Various text labels and messages in the installation wizards, administration console, and GPO templates have been rationalised and made mutually consistent to improve the user experience. For example, fields used to enter the same parameters in different installation wizards now use the same labels. Current and changed terminology is describe in a new glossary.
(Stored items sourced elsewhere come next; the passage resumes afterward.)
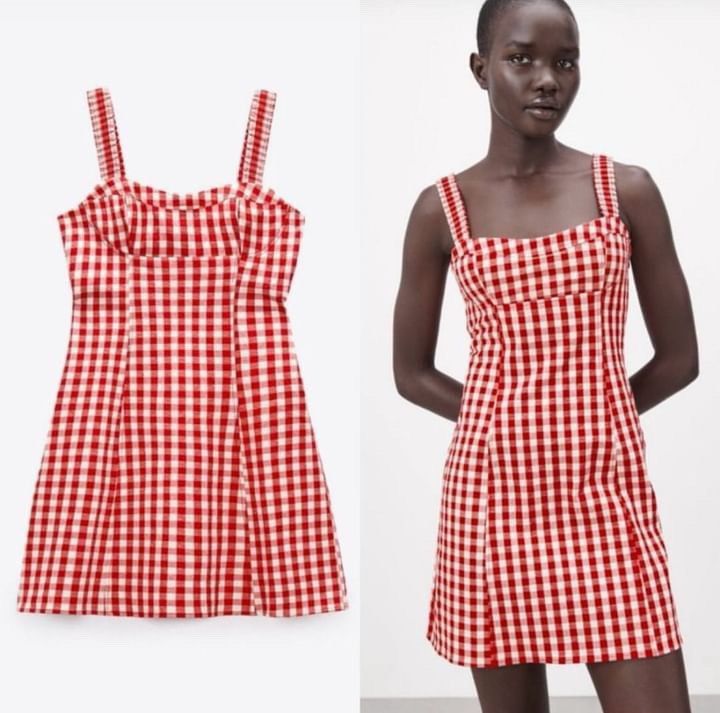 zara red gingham dress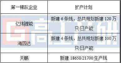 國內(nèi)部分電動工具用鋰電池企業(yè)擴產(chǎn)計劃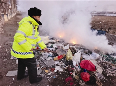 “这会儿风大,我担心燃烧物四处飘散扩大火情,我在这守着,你快点向村委会求援!”执勤中发现路旁杂物起火,交警、辅警立即变身“消防员”。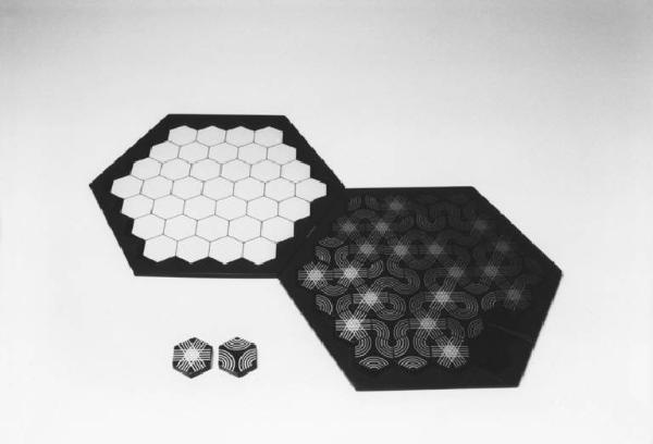 Modello di studio per gioco da tavolo. E' costituito da due tavole esagonali e da una serie di pedine realizzate con solidi a pianta esagonale con un differente trattamento della faccia superiore: a spicchi o a unghie.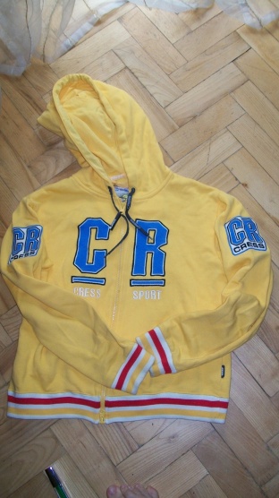 nabízím sportovní mikinu na zip s kapucí, kterou jsem měla párkrát na sobě, jednou praná, bez vad, žmolků apod.Na zádech velký napis Již nevyužiji, tak snad udělá ještě někomu radost.

Workspace Environment Management 4.3 documentation is updated to reflect current product behaviour. Various minor improvements have also been made, including the following improvements designed to assist users:

  • a number of installation field descriptions have been revised to better explain their purpose
  • the documentation uses new standardized terminology visible in the installation wizards, GPO templates, and in the administration console. For example, the term “broker” is replaced by “infrastructure service”.
  • a glossary has been added to explain the new terminology seen in the installation wizards, the administration console, and the documentation. Changed terms are also indicated.
  • the technical overview diagram is updated
  • a new port information table has been added to summarize port usage

Fixed issues

The following issues have been fixed since Version 4.3:

  • When the Workspace Environment Management session agent is running in command line mode, User Statistics data is not reported to the WEM infrastructure services. [WEM-41]
  • The Workspace Environment Management session agent interface does not render correctly when a computer display is extended to external displays connected via a dock. This problem, which occurs when extending to multiple displays with different screen resolution settings, results in a portion of the right-hand side of the display not rendering completely. This prevents users seeing the home button or being able to change other native Workspace Environment Management settings. [WEM-90]
  • The Workspace Environment Management session agent causes the mouse to stop working on virtual machines which have the System Center Configuration Manager (SCCM) client installed with Power Management enabled. [WEM-115]
  • When you are using the Transformer feature, the session agent generates an unhandled exception if Wi-Fi is turned off using “ms-settings:network-wifi.” [WEM-133]
  • The Workspace Environment Management session agent causes the mouse to stop working on virtual machines after an interruption to network access is restored. [WEM-159]

Known issues

This release contains the following issues:

  • On Windows Server 2012 R2, if Adobe Acrobat Reader is installed it prevents Workspace Environment Management associating files of type .PDF with other PDF reader applications. Users are forced to manually select the PDF reader application to use each time they open a PDF. [#WEM-33]


Item Announced in Alternative

Support for assigning and binding existing (pre-version 4.3) agents to sites via GPO.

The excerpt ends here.